— What you should do —
All entries are to be reproduced exactly; the pictures are to be omitted.
(Data for the task begins)
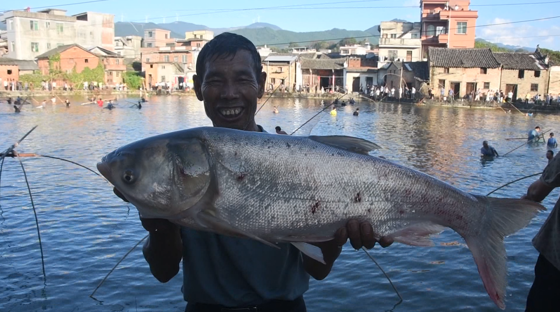 江永融媒10月9日讯(记者 廖光瑜 欧阳文 通讯员 田如瑞)10月5日,湖南省永州市江永县上江圩镇夏湾村,村民们欢聚一“塘”捕鱼,喜庆国庆中秋佳节。农历八月十四,是该村传承了500余年的传统习俗“捕鱼节”,每年到这一天全村男女老少都带着捕鱼工具跳入池塘捕鱼,把捕获的鱼平均发给每户村民,欢欢喜喜迎接中秋佳节的到来,预示年年有鱼,用这一独特的方式庆祝一年好收成。
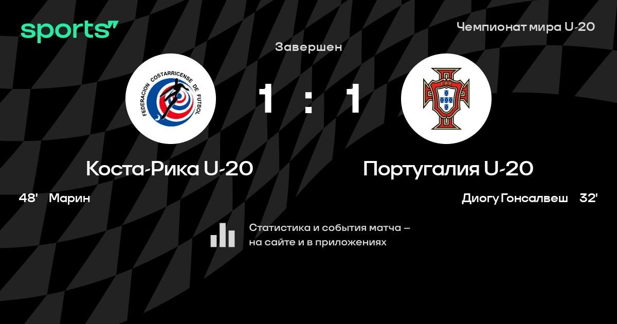 Трансляция Коста-Рика U-20 - Португалия U-20
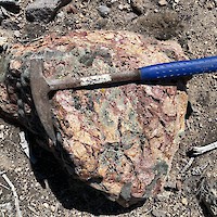 Mineralized material in float include, stockwork veining in andesite, banded and bladed quartz-calcite veins, and silicified hydrothermal breccias. Vein samples returned assays as high as 2.77 g/t Au and 20.8 g/t silver, with hydrothermal breccia grading 0.44 g/t Au and 35.7 g/t silver.
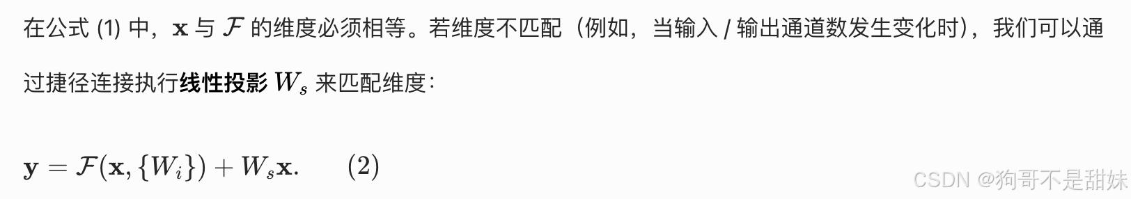 - 无法直接逐元素相加,需要对 x 做线性投影 Ws 来对齐维度。
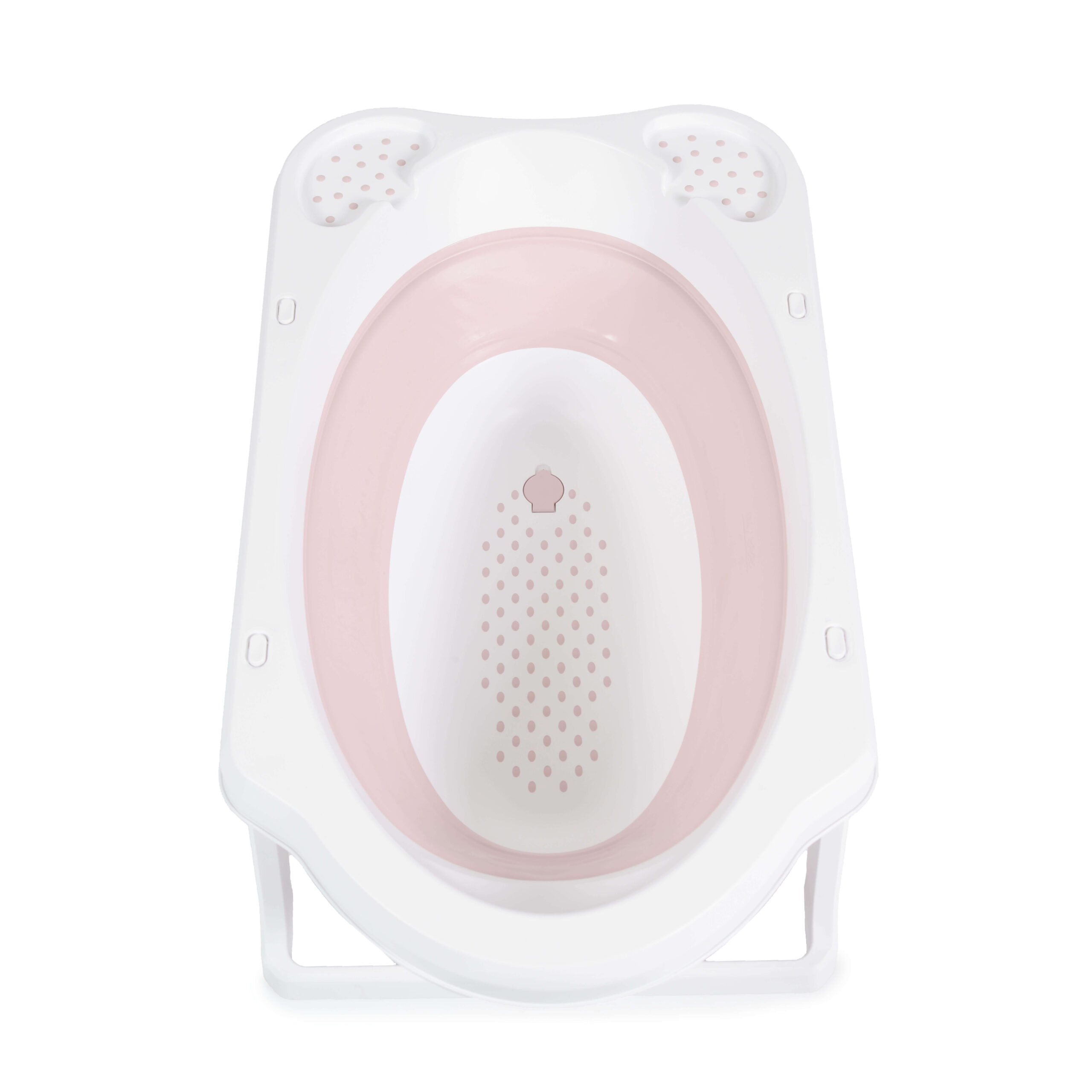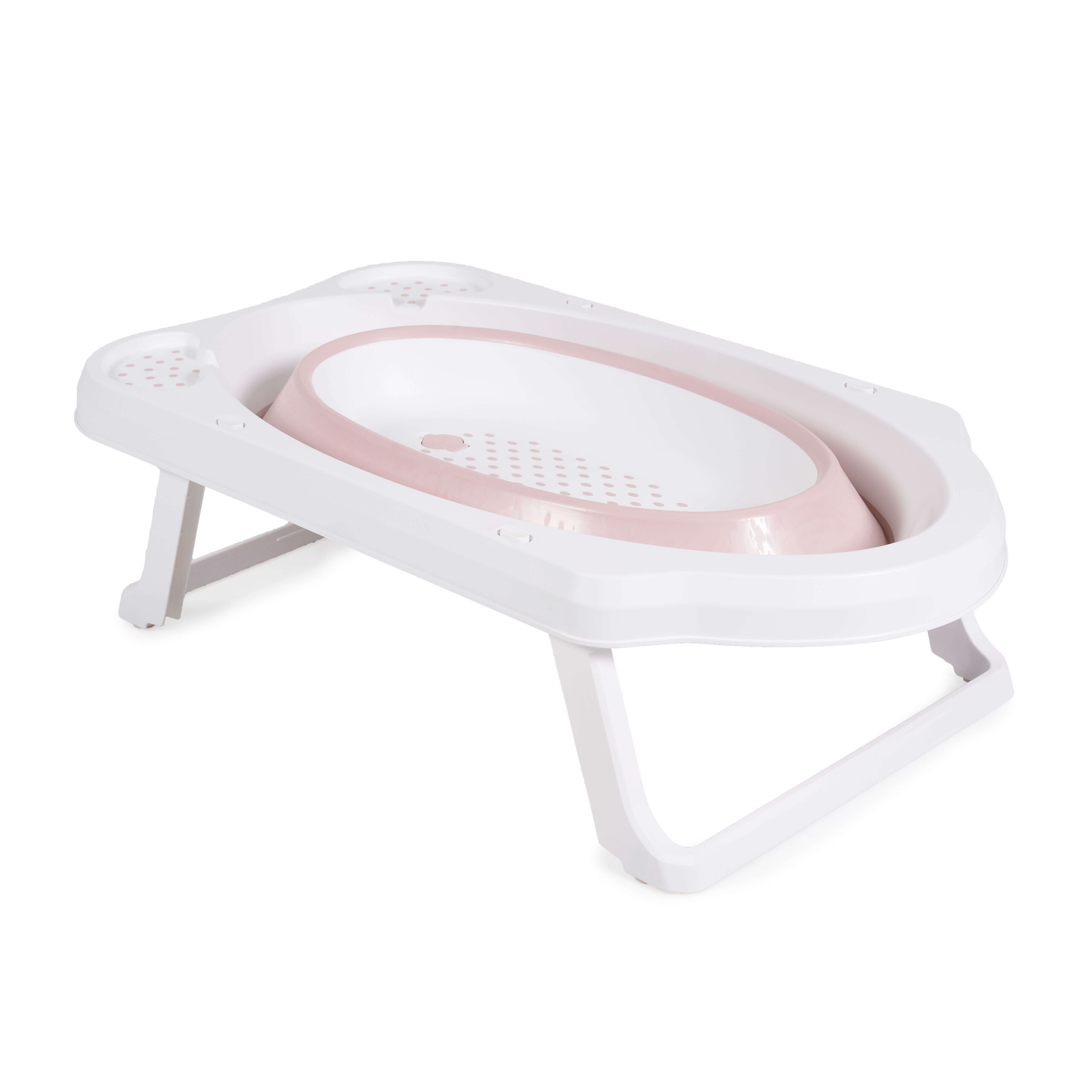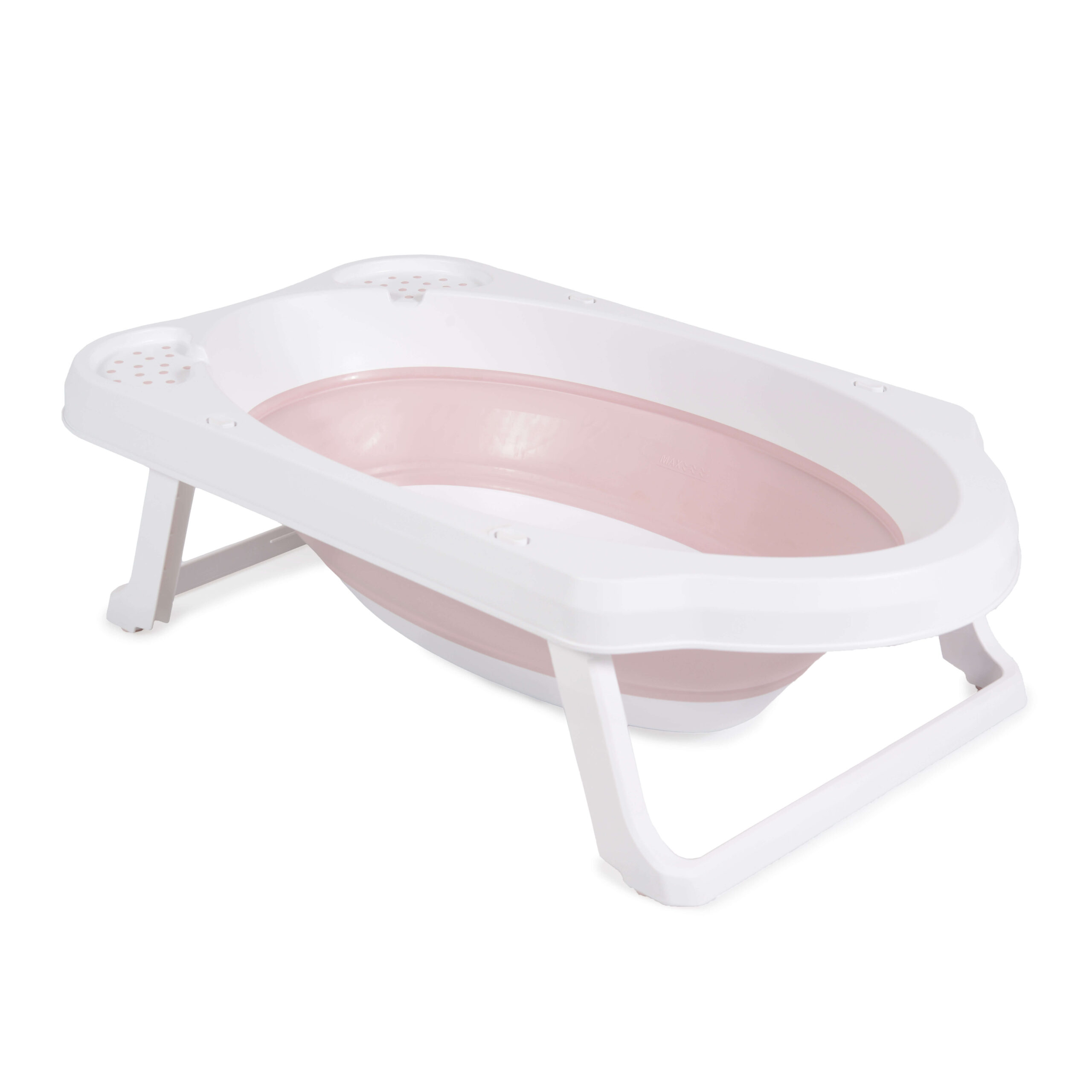 Sklopiva kadica ima protivkliznu podlogu na dnu i protivklizne čepove na nožicama, što obezbeđuje stabilnost tokom kupanja. Dva odeljka na kadici omogućavaju da sapun, šampon ili sunđer budu uvek pri ruci. Otvor za ispuštanje vode olakšava pražnjenje kadice bez podizanja i prosipanja.
(Data for the task ends)
— Answer space —
 江永融媒10月9日讯(记者 廖光瑜 欧阳文 通讯员 田如瑞)10月5日,湖南省永州市江永县上江圩镇夏湾村,村民们欢聚一“塘”捕鱼,喜庆国庆中秋佳节。农历八月十四,是该村传承了500余年的传统习俗“捕鱼节”,每年到这一天全村男女老少都带着捕鱼工具跳入池塘捕鱼,把捕获的鱼平均发给每户村民,欢欢喜喜迎接中秋佳节的到来,预示年年有鱼,用这一独特的方式庆祝一年好收成。
 Трансляция Коста-Рика U-20 - Португалия U-20
 Mineralized material in float include, stockwork veining in andesite, banded and bladed quartz-calcite veins, and silicified hydrothermal breccias. Vein samples returned assays as high as 2.77 g/t Au and 20.8 g/t silver, with hydrothermal breccia grading 0.44 g/t Au and 35.7 g/t silver.
 - 无法直接逐元素相加,需要对 x 做线性投影 Ws 来对齐维度。
 Sklopiva kadica ima protivkliznu podlogu na dnu i protivklizne čepove na nožicama, što obezbeđuje stabilnost tokom kupanja. Dva odeljka na kadici omogućavaju da sapun, šampon ili sunđer budu uvek pri ruci. Otvor za ispuštanje vode olakšava pražnjenje kadice bez podizanja i prosipanja.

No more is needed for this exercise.